Despite the advantages of survey and experimental designs in the study of non-participants’ perceptions of protests, there are two main limitations. First, because the items included in these studies are aimed at measuring specific dimensions, it is not possible to explore in-depth what people think about protests, the political conditions under which protests occur, or protesters’ actions. Second, both surveys and experiments are tools designed to eliminate individuals’ inconsistencies – making researchers assume that people have unique and fixed opinions about social phenomena, whereas people may

actually have multiple and contradictory thoughts concerning them (see Stimson, 1995, for an overview; Zaller, 1992, for a discussion). Indeed, Billig and collaborators (1988) have suggested that one of the main shortcomings of extensive opinion polls is that in those studies people do not have the chance to experience or at least imagine scenarios that might represent a challenge for dominant ideologies. Moreover, I suggest that due to their focus on testing change using the same restricted measures as used in cross-section designs, even quantitative longitudinal designs cannot account for people’s contradictory ideas about specific topics.

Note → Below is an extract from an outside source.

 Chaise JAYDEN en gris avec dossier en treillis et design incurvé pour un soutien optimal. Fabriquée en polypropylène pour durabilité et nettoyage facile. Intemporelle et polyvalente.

Recently, Stuart and collaborators (2018) have employed interviews and thematic analysis to explore non-participants’ perceptions of protests and their identification with various types of protesters. Similarly, in Chapter 5, I employed interviews and thematic analysis as an analytic strategy to explore non-participants’ reasons to support protesters’

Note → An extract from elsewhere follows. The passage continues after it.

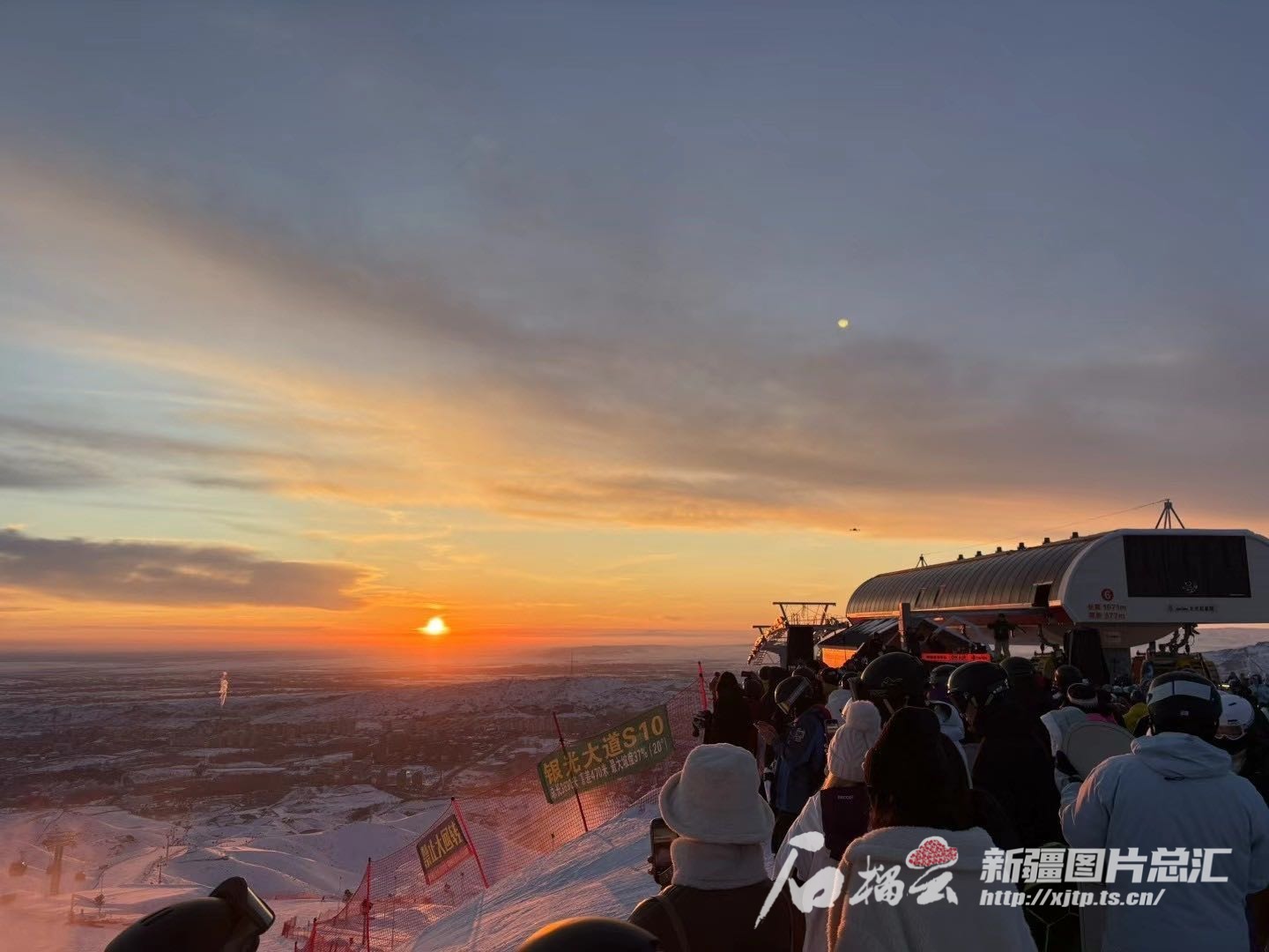 2024年11月,在阿勒泰将军山国际滑雪度假区,落日时刻,是雪场人气最旺的时候。天山网-新疆日报 记者王晶晶摄

violence against the police. Although the study reported in Chapter 5 was not aimed at analysing discourse styles, the linguistic expressions (e.g., Condor & Gibson, 2007), or delve in the discursive rhetoric deployed by the interviewees (e.g., Billig, 1991; Condor, 2011), I decided to combine thematic analysis with the ideological dilemma approach (see Billig et al., 1988) to explore people’s sometimes contradictory views regarding protest violence. Thus, the ideological dilemmas approach became useful to explore how societal ‘maxims’ (e.g., ‘protests should be peaceful’) may collide with other such beliefs (e.g., the need to defend the right to protest) under specific circumstances (see Gibson, 2011, and Towns & Adams, 2009, for discussions). To put it differently, the incorporation of the ideological dilemmas approach allowed me to go beyond the de-contextualised individual decisions between supporting or not supporting protest violence against the

police to focus on the contradictions people may hold regarding protesters’ actions within a particular political context.